🤖 AI Summary
This work addresses the limitations of current large language and reasoning models in specialized fact-checking, which stem from insufficient domain knowledge, weak contextual understanding, and ineffective integration of multi-turn expert feedback. The authors propose a human-AI collaborative fact-checking framework that introduces an innovative “shared scratchpad” interaction paradigm, replacing conventional dialog-based exchanges by directly translating expert feedback into edits on the model’s reasoning trajectory. Built upon a large reasoning model, the approach establishes a mapping mechanism from natural language feedback to precise trajectory modifications, enabling efficient and interpretable multi-round collaborative verification.

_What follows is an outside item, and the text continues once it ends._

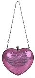 Candy Pink Shiny Sequin Heart Shaped Clutch Evening Bag Handbag w/Chain Strap Feature

Experimental results demonstrate that the system significantly outperforms existing autonomous and collaborative methods in both automatic and human evaluations, producing higher-quality, more comprehensible, and practically useful reasoning chains, with users expressing a clear preference over traditional multi-turn dialogue interfaces.
📝 Abstract
Professional fact-checkers rely on domain knowledge and deep contextual understanding to verify claims. Large language models (LLMs) and large reasoning models (LRMs) lack such grounding and primarily reason from available evidence alone, creating a mismatch between expert-led and fully automated claim verification. To mitigate this gap, we posit human-AI collaboration as a more promising path forward, where expert feedback, grounded in real-world knowledge and domain expertise, guides the model's reasoning. However, existing LRMs are hard to calibrate to natural language feedback, particularly in a multi-turn interaction setup. We propose Co-FactChecker, a framework for human-AI collaborative claim verification. We introduce a new interaction paradigm that treats the model's thinking trace as a shared scratchpad. Co-FactChecker translates expert feedback into trace-edits that introduce targeted modifications to the trace, sidestepping the shortcomings of dialogue-based interaction. We provide theoretical results showing that trace-editing offers advantages over multi-turn dialogue, and our automatic evaluations demonstrate that Co-FactChecker outperforms existing autonomous and human-AI collaboration approaches. Human evaluations further show that Co-FactChecker is preferred over multi-turn dialogue, producing higher quality reasoning and verdicts along with relatively easier to interpret and more useful thinking traces.